Since \({\mathcal {S}}\subseteq {\mathcal {X}}\), we have \(h^{*}_{{\mathcal {S}}} \le h^{*}\) by definition, and hence \(F_{{\mathcal {S}}} \ge 0\). Moreover, since the minimum in (A.4) must be attained in \({\mathcal {S}}\), we get \(F_{{\mathcal {S}}}( y) = 0\) if and only if \(h(p) - h^{*}( y) - \left\langle y \right. ,\left. p\right\rangle = 0\) for some \(p\in {\mathcal {S}}\); by Lemma A.2, this occurs if and only if \(Q( y) = p\in {\mathcal {S}}\), so our first claim follows.

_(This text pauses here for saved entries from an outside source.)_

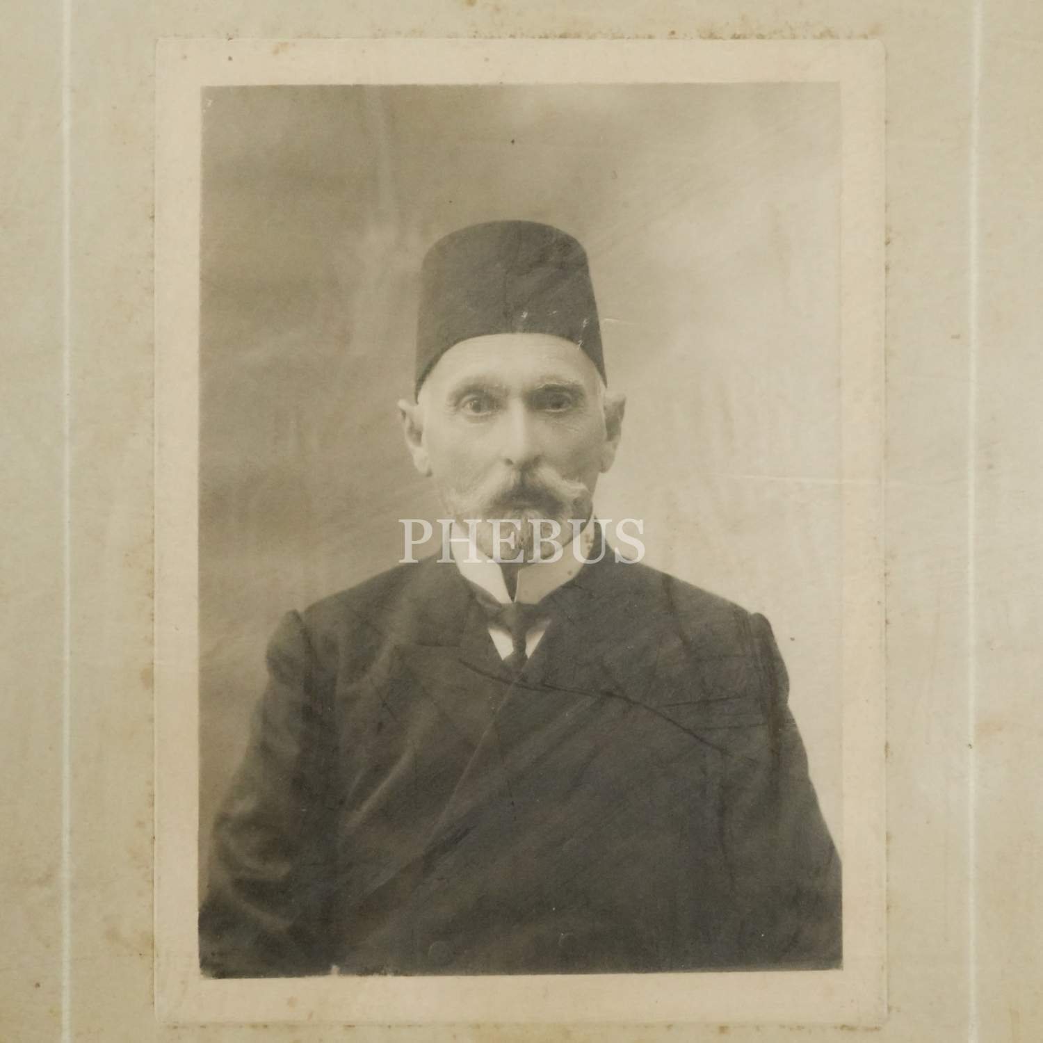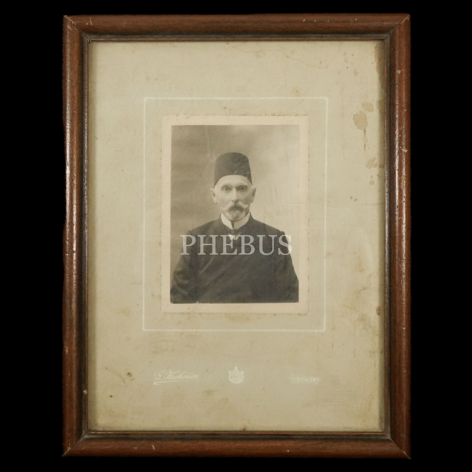 Reji İdaresi Personel Müdürü Jan Lazian´ın, G. (Garabed) Krikorian Fotoğrafhanesi´nde (Jerusalem [Kudüs]) aldırdığı stüdyo hatıra fotoğrafı, fotoğraf 9x12 cm, çerçevesiyle birlikte 21x27 cm...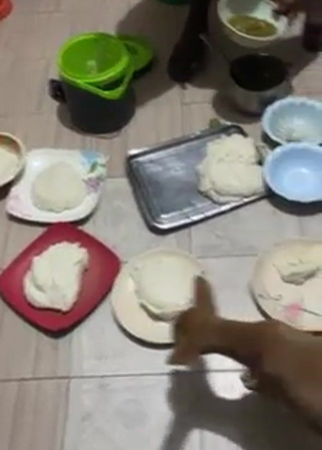A video shows a person squatting on a tiled floor and portioning out what appears to be a stew from a bowl onto various plates. Each plate already has a portion of white food on it. Surrounding the person are several pots, buckets, and food containers. A light brown dog is sniffing around the plates. Another person is partially visible in the frame to the right, seated. The room has bare concrete walls.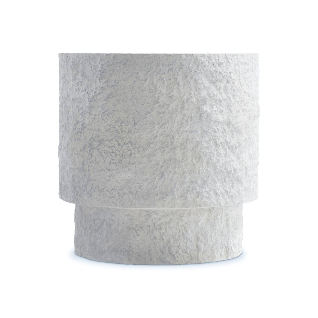 The Pincio side table takes a simple form and gives it a modern organic update. The round table is set on a plinth base and has a smooth top. The textured sides offer a faux stone look in the Millstone finish.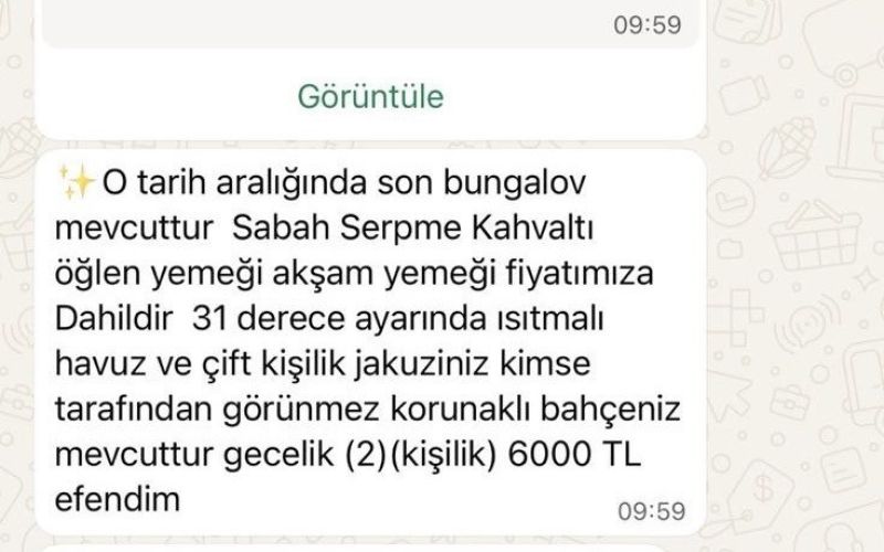 Olay, Antalya’da yaşayan genç bir kadının arkadaşına doğum günü sürprizi yapmak istemesiyle başladı. Hafta sonunu arkadaşıyla birlikte geçirmek isteyen kadın, sosyal medyada gördüğü bungalov ilanı üzerinden iletişime geçti. Hesap yöneticisi tarafından WhatsApp’a yönlendirilen mağdura, tesise ait olduğu belirtilen profesyonel görseller ve konaklama detayları gönderildi.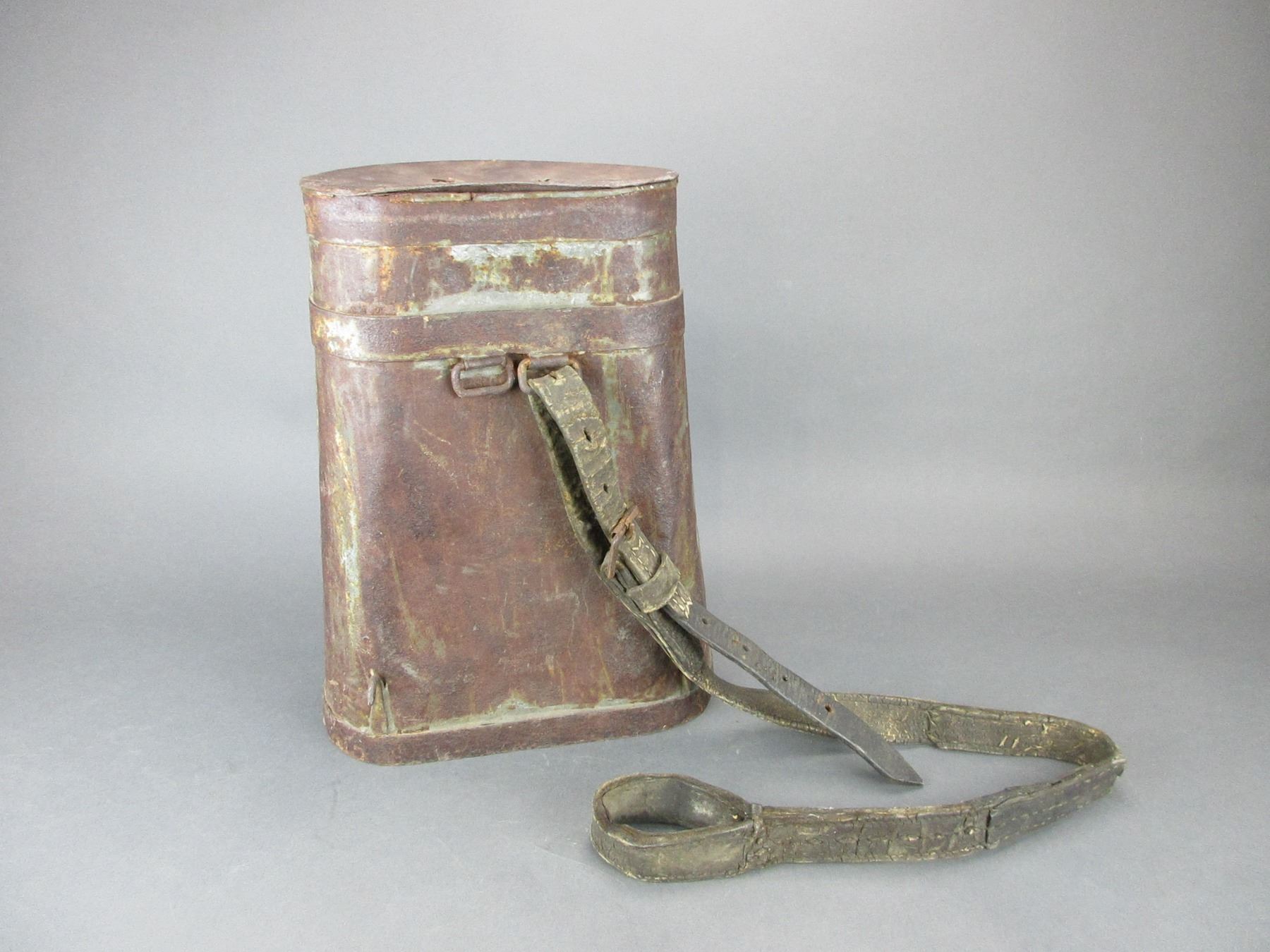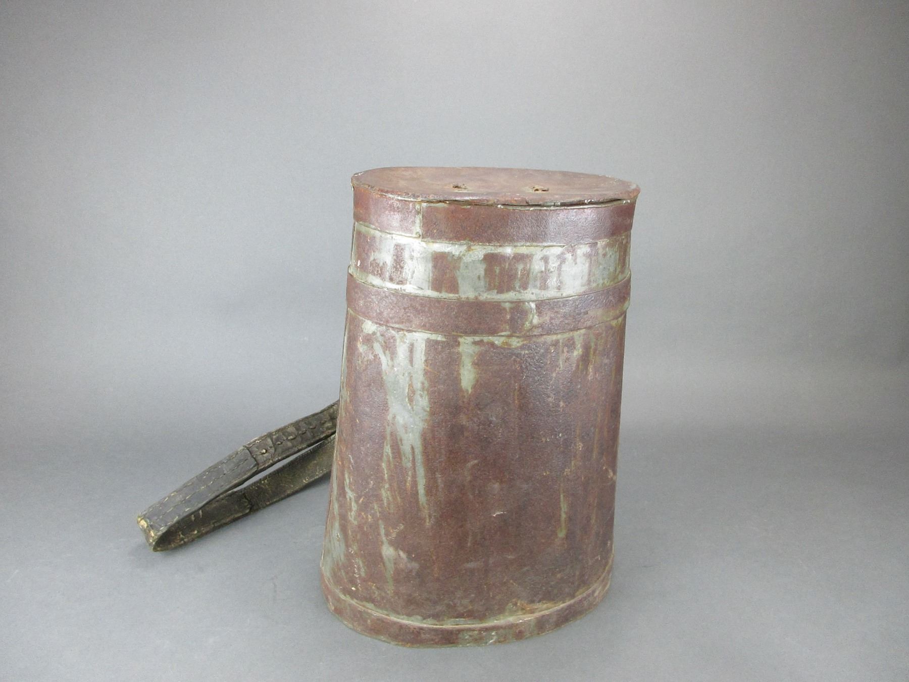 European Tin Pail With Leather Strap- 17"H X 13"W X 7.5"D

Moving forward, to show that \(F_{{\mathcal {S}}}( y)\rightarrow 0\) if and only if \(Q( y) \rightarrow {\mathcal {S}}\), let \( y_{n}\) be a sequence in \({\mathcal {Y}}\), and let \( x_{n} = Q( y_{n})\). For the “if” part, since \({\mathcal {S}}\) is compact, we may assume without loss of generality (and by descending to a subsequence if necessary) that \( x_{n}\) converges to some \( x\in {\mathcal {S}}\). Observe now that (a) \(0 \le F_{{\mathcal {S}}}( y_{n}) \le F( x, y_{n})\) by the minimum (A.4); and (b) \(F( x, y_{n})\rightarrow 0\) by (R). Thus, by sandwiching, we conclude that \(F_{{\mathcal {S}}}( y_{n})\rightarrow 0\). Conversely, if \(F_{{\mathcal {S}}}( y_{n}) \rightarrow 0\), we may again assume by compactness (and by descending to a subsequence if necessary) that \( x_{n} = Q( y_{n})\) converges to some \({\hat{ x\in {\mathcal {X}}}}\). If \({\hat{ x\not \in {\mathcal {S}}}}\), then, by (R), we have \(\lim _{n\rightarrow \infty } F( x, y_{n}) > 0\) for all \( x\in {\mathcal {S}}\). Since \({\mathcal {S}}\) is compact and \(F( x, y)\) is continuous in x, we conclude that \(\liminf _{n\rightarrow \infty } F_{{\mathcal {S}}}( y_{n}) > 0\), a contradiction which establishes our claim.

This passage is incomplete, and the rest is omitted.